Внук Сталина, сын Василия Сталина, российский театральный режиссер Александр БУРДОНСКИЙ: «Мачеха, дочь маршала Тимошенко, била нас смертным боем, даже плеткой, Наде, сестре, губу нижнюю оторвала. Ее, девочку шести-семи лет, ногами в сапогах избивала и почки отбила»
(Продолжение.
Начало в № 23, № 24)
«Нас и не кормить могли по неделе — мы, два голодных детеныша, зубами немытую свеклу чистили и ели»
— Во время войны и Яков, старший сын Сталина, и Василий, ваш отец, на фронт пошли...
— Иначе и быть не могло.
— Яков, как известно, в плен попал и трагически там погиб, а Василия судьба хранила... Он храбрым был летчиком?
— Я многих его однополчан знал, и абсолютно все говорили: «Васька был смелый». Рисковать, правда, ему не разрешали...
— Вам он немножко безбашенным не казался?
— Ну, безусловно, но был бы я принцем, тоже, наверное, вел бы себя безбашенно...
— А может, наоборот...
— ...сплошные театры строил бы...(Улыбается).
— Пьянки, загулы у него постоянно случались?
— Это в войну началось... Безудержно... А потом болезнью стало. Помню, на даче случай: мы там гуляли, на территории играли, а отец к подъезду шел.
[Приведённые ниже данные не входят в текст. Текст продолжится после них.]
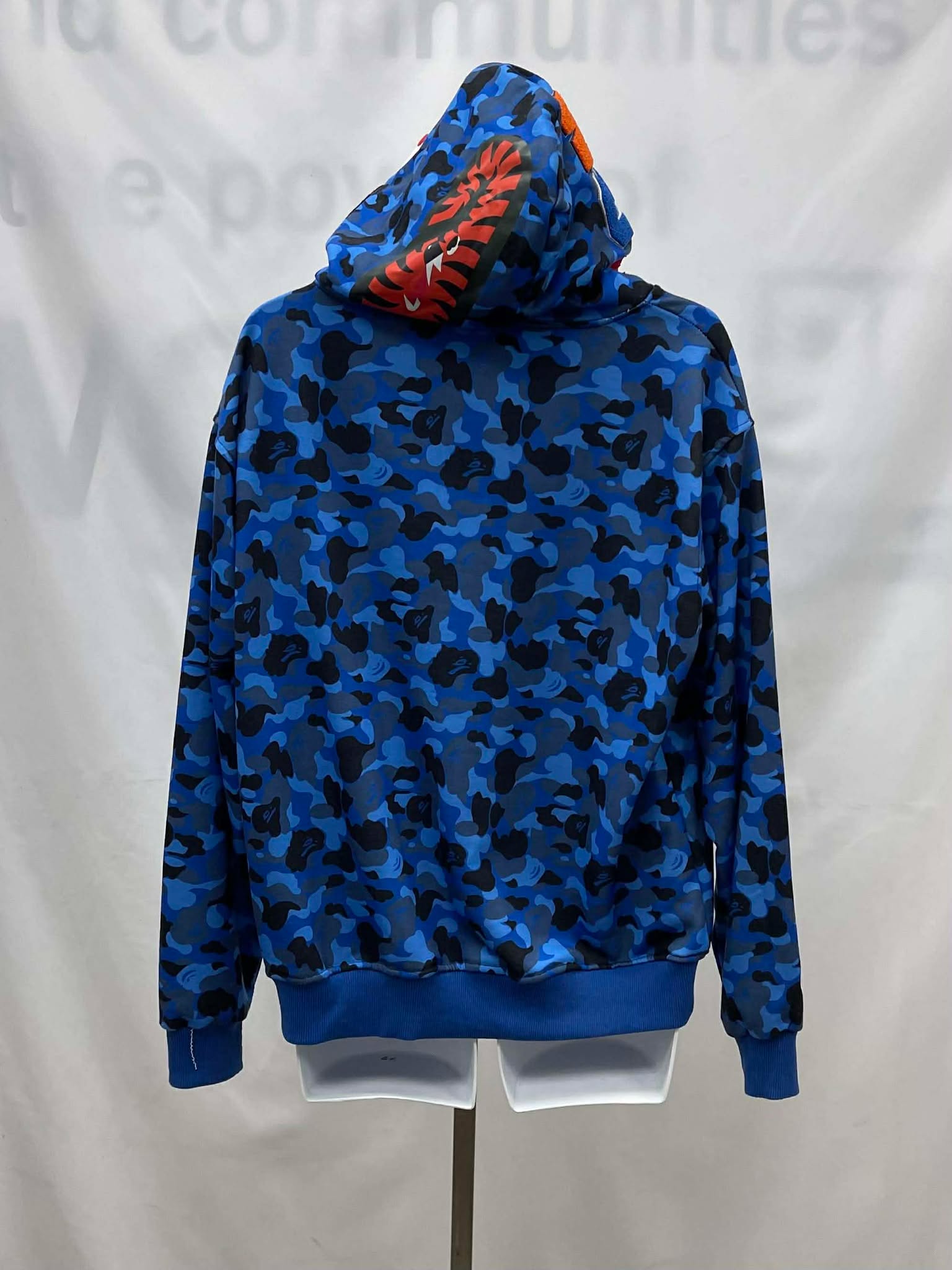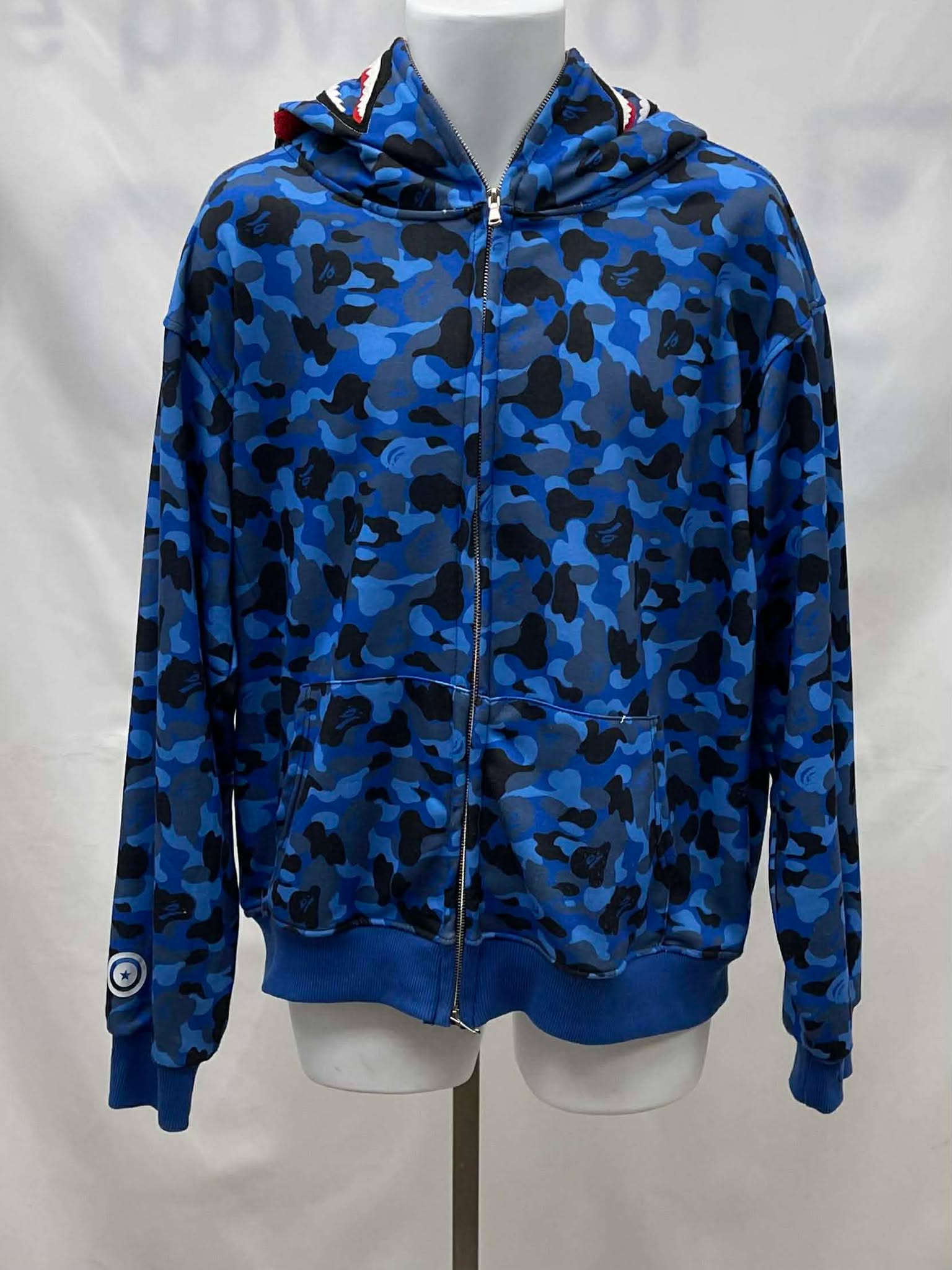 Details: Men’s blue camouflage, long sleeve ‘A Bathing Ape’ hoodie. ( As Is / Not Authenticated )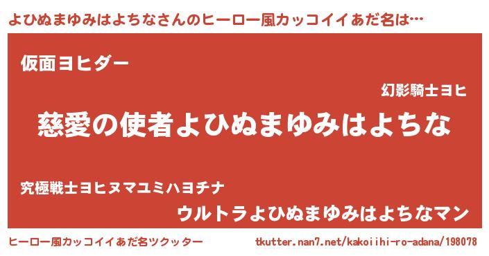 | 女子向けラノベタイトル風あだ名 | 『よひぬまゆみはよちな恋絵巻』 |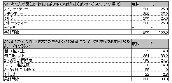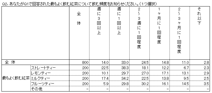 図3のQ2の設問はQ1の設問で選択した紅茶の種類に対して、飲用頻度を回答する単一回答(SA)の設問です。Q2を単純集計したとしても、どの紅茶の種類に対して飲用頻度を回答されているのかは分からない状態です。そこで、図4のようにQ1を集計軸としてQ2とクロス集計をすると、Q1で選んだ紅茶の種類ごとに、回答結果を確認することが可能になります。このように前問の回答結果によって何を対象として回答するのかが変わる設問は、設問間クロス集計をよく用います。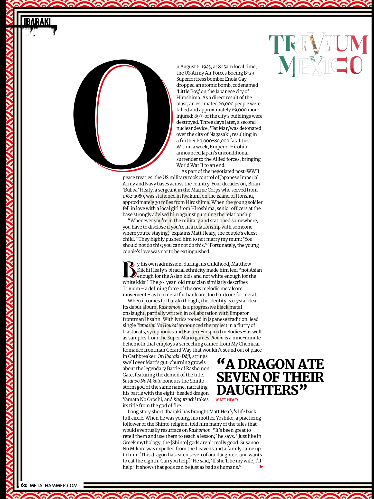 En resumen: Ibaraki ha vuelto a cerrar el círculo de la vida de Matt Heafy. Cuando era joven, su madre Yoshiko, una seguidora practicante de la religión sintoísta, le contó muchas de las historias que eventualmente resurgirían en Rashomon. “Ha sido genial volver a contarlas y usarlas para enseñar una lección,” dice. “Al igual que en la mitología griega, los dioses [sintoístas] no son realmente buenos. Susanoo No Mikoto fue expulsado de los cielos y una familia se le acercó: 'Este dragón se ha comido a siete de nuestras hijas y quiere comerse a la octava. ¿Puedes ayudarme?’ Él dijo: ‘Si ella va a ser mi esposa, yo les ayudaré’. Eso demuestra que los dioses pueden ser tan malos como los humanos.”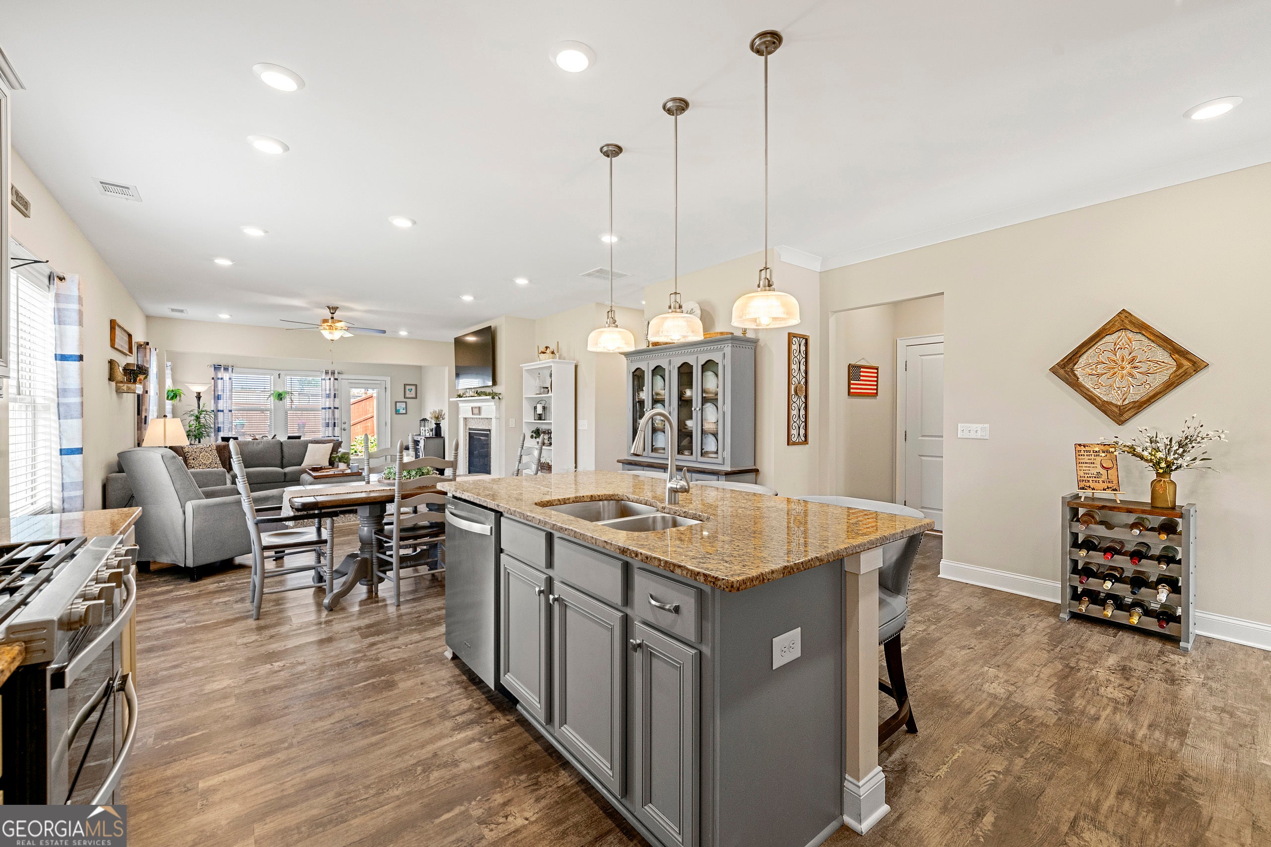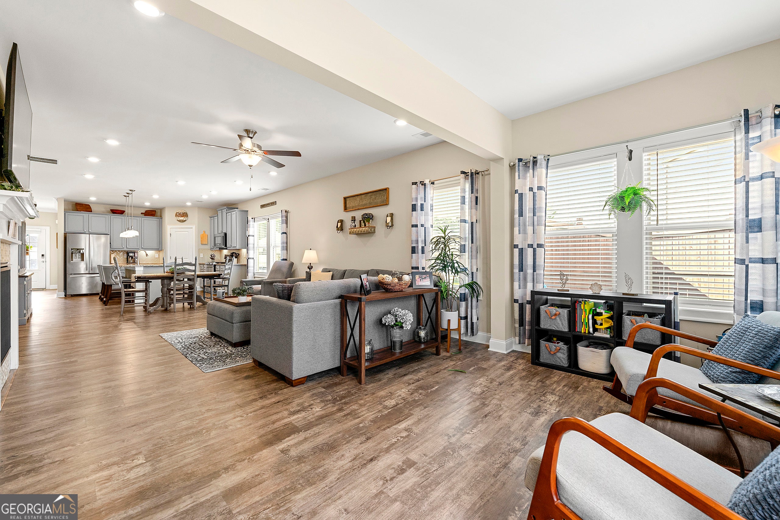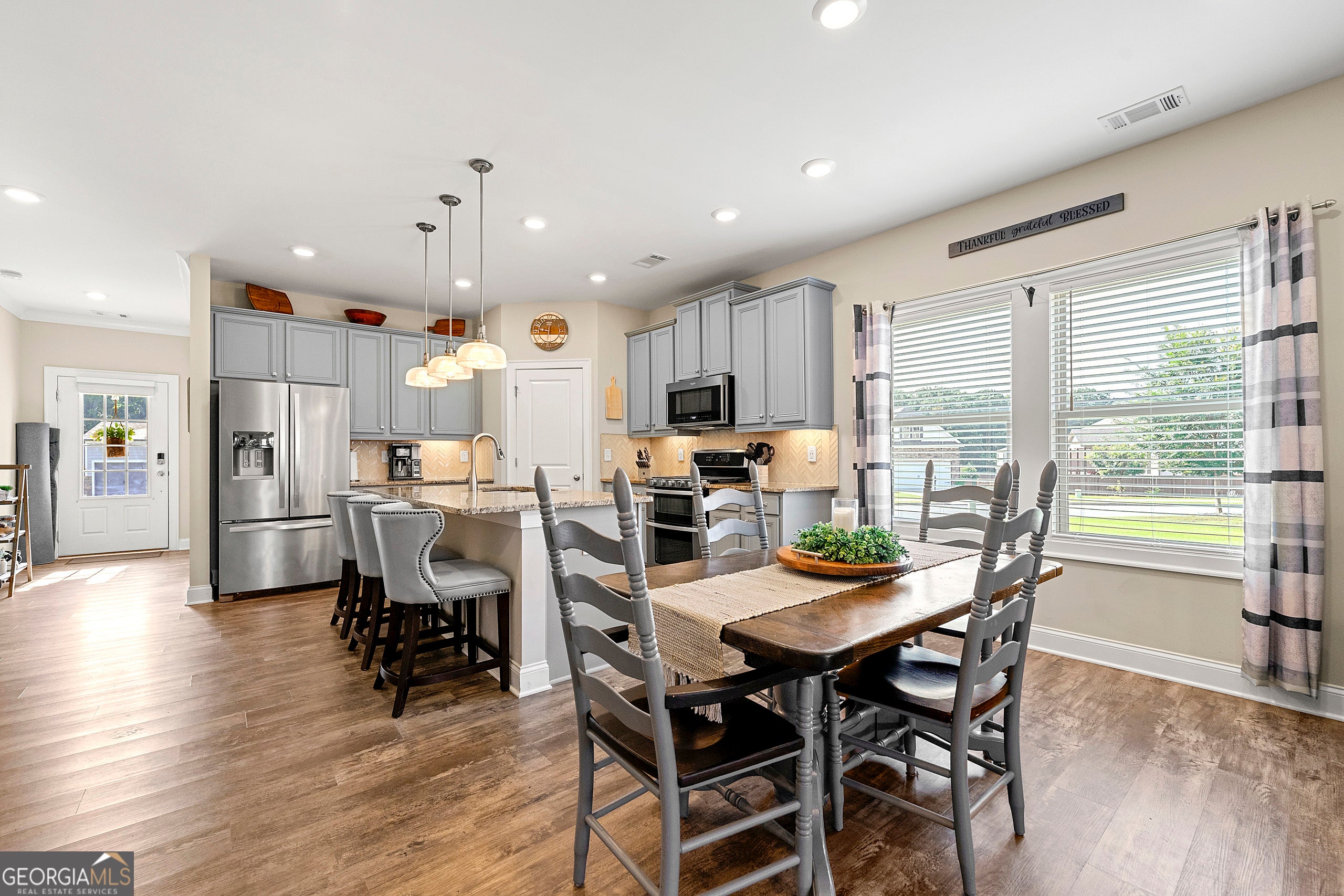 Step into an inviting open-concept ranch that blends style and comfort in a sought-after swim/tennis community. With soaring 9ft ceilings, warm neutral tones and abundant natural light streaming through LowE windows, this home exudes freshness and charm. The chef-inspired kitchen is a standout-featuring granite counters, softclose cabinetry, stainless steel appliances, a massive center island and a spacious walkin pantry that makes entertaining a breeze. Flow effortlessly into the fireside family room, and extend your gathering space into the versatile sunroom-perfect for an office, play area or cozy retreat. The primary suite delivers a spalike experience with dual granitetop vanities, a tiled shower and a generous walkin closet. Two additional bedrooms and a full bath round out the single-floor layout. Efficiency meets comfort here, with a Rinnai tankless water heater, insulated attic, highefficiency HVAC and LED lighting throughout. Outdoors is your private oasis: lush landscaping, a charming gazebo, and a newly installed extended patio-seller-installed to maximize entertaining and outdoor lifestyle. Top it all off with an attached twocar garage, smart Ring doorbell security and community perks like clubhouse, pool, and tennis courts. This home offers turnkey living-better than new and ready for its next chapter!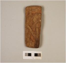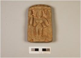 | Description / विवरण | Fragment of stone plaque depicting diety but defuced features are not clear, rectangular is shape, grey in colour. |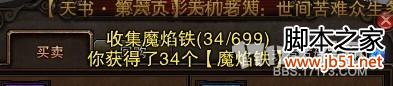 这把紫武是需要物品累计,方可兑换,魔焰铁699个。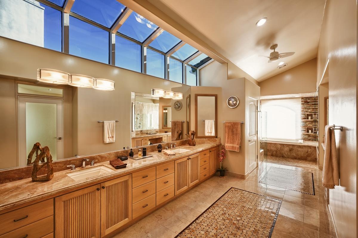Из мрамора Breccia Sardo выполнены столешницы, обрамляющие раковины, и плинтуса.

У нас ручной грач был — мы его с перебитым крылом нашли, вылечили, и он домашним стал, и вот эта птица к отцу подлетела. Боже мой, как он закричал! Видно, белая горячка у него началась, но мы-то этого не понимали... Лишь много лет спустя осознали, как-то с Капитолиной разговорившись...
Он, конечно, болен был, и тяжело, но окружение это пристрастие поддерживало, потому что, когда отец пьянствовал, с него что-то получить можно было...
— Управляемый... Вы в этом состоянии часто его видели?
— Ну, не очень... Все-таки мы как бы на своей половине жили, а он на своей... Не часто, но видел...
— Отец иногда какую-то ласку по отношению к вам проявлял, погладить, поцеловать мог?
— Да, и даже фотографии есть, где он меня, маленького, на закорках таскает, тетешкает. Когда я подрос, все это пореже происходило, но мог.
— Бил часто?
— Нет. Помню, как он меня отлупил, когда с мамой я встретился, и потом мы в Германии какое-то время с Екатериной Тимошенко жили, и я из окна вылез. Там невысокий такой второй этаж был... К счастью, на большой куст упал и ничего особенного со мной не случилось — ну поцарапался где-то, но когда отец приехал и Екатерина ему об этом сказала, он пощечину мне влепил... Впрочем, это, видимо, беспокойство какое-то выплеснулось...
— Профилактика...
— Беспокойство! — оно выражалось вот так, понимаете?
— Екатерина Тимошенко, дочь бывшего наркома обороны, по вашему собственному признанию, била вас с сестрой смертным боем, даже плеткой...
— Била, Наде даже губу нижнюю оторвала — пришлось залечивать.
— Это правда, что вашей сестре мачеха почки отбила?
— Да! Ну, она ее ногами в сапогах избивала, а много ли девочке шести-семи лет надо? Надя тоненькая была, хрупкая...
— Откуда же в молодой женщине жестокость такая?
— Думаю, что это, ну как сказать... Помните у датского карикатуриста Бидструпа комикс «Круг замкнулся»? Министр на зама накричал, зам — на пома, пом — на секретаря, а последнему в этой цепочке, нижнему по иерархии, зло сорвать не на ком, так он собаку ногой пнул, а та в свою очередь министра за зад схватила. Думаю, так отношение отца к Екатерине проявлялось.
— Бил он ее сильно?
— Да.
— На ваших глазах?
— Ну, не на моих. Второй этаж представьте: тут наша, допустим, комната, затем холл, а дальше их апартаменты, но все же слышно...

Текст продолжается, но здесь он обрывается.